Thomas Eugene Lovejoy III was born to Thomas Jr. and Jeanne Gillette Lovejoy, their only child, in 1942. His grandfather had acquired the Manhattan Life Insurance Company in 1912, and his father was later its president. Throughout his life, Tom remained involved with the company and later chaired its board. Indeed, it is perhaps not surprising that New York City’s first re-introduced set of Peregrine Falcons were hacked off the company’s building on West 57th Street by Tom Cade. (https://www.audubon.org/news/remembering-tom-cade-father-peregrine-falcon-conservation)

Tom’s marriage to Charlotte ended in a divorce, but they remained close friends until she passed away in 2013. Tom and Charlotte are survived by their three daughters, Elizabeth, Katherine, and Anne, plus six grandchildren.  

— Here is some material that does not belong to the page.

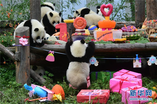 當日,在位于四川臥龍的中國大熊貓保護研究中心神樹坪基地的大熊貓幼兒園,2018年出生的18只大熊貓幼仔過了一場別開生面的集體生日。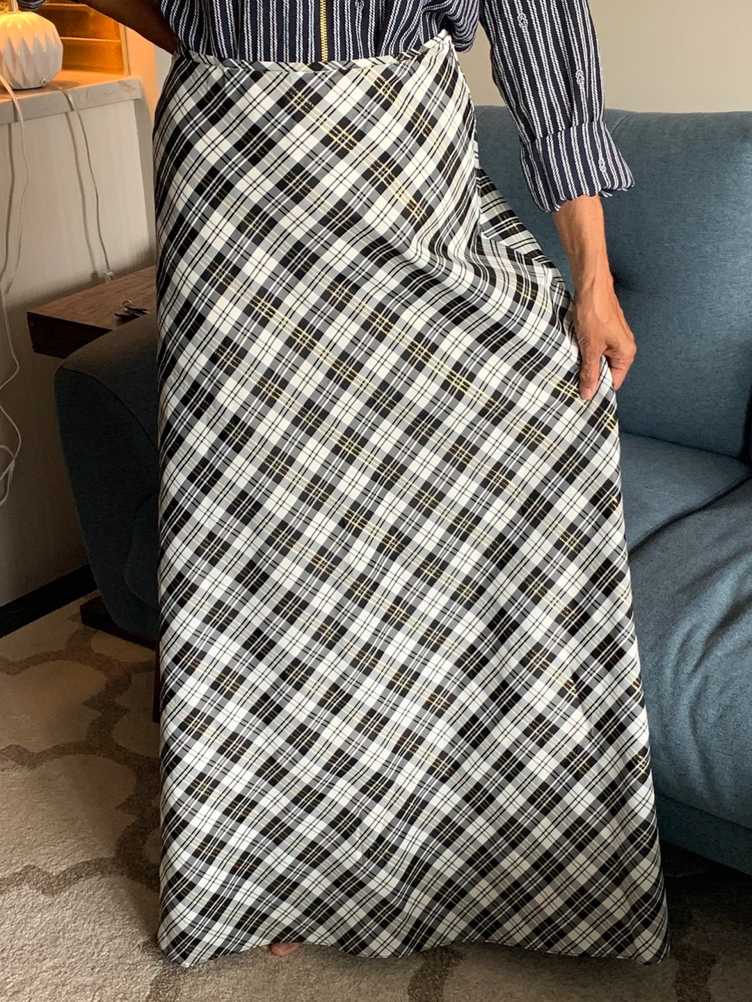 A vintage, long black, white, and metallic gold plaid skirt.

Throughout his career Tom was a prolific author (he edited 10 books and authored or co-authored 321 papers) and spoke tirelessly about the issues important to him, leveraging his charm to reach a wider audience. After working for him for several years, I came to think of him as Mother Nature’s elf on Earth—always smiling, self-deprecating, witty, welcoming, and immeasurably bright. Even amidst all his research and the need to raise funds and deal with the tentacles of bureaucracy, he still managed with his trademark effervescent joy and great aplomb to bring influential and politically connected people to the Amazon and to his side, including Walter Cronkite, Tom Cruise, Ben Bradlee, and Al Gore. Tom always danced on the edge of politics and science—even, in the 1980s, coming up with the notion of nature-for-debt swaps as a way for wealthy nations to fund nature preserves in developing countries, an idea being replicated currently in the form of carbon tax credits. Not surprisingly, Tom received a number of accolades for all his great work, including election to the American Academy of Arts & Sciences, the American Philosophical Society, and the U.S. National Academy of Science. He was also awarded USC’s Tyler Prize for Environmental Achievement and the Blue Planet Prize. 

Tom was a frequent visitor to NYC and attended the Society’s banquet in 2020. Deep down, I will dare say, he was always a New Yorker at heart—bright, energetic, and competitive….just don’t tell his great circle of Washington friends.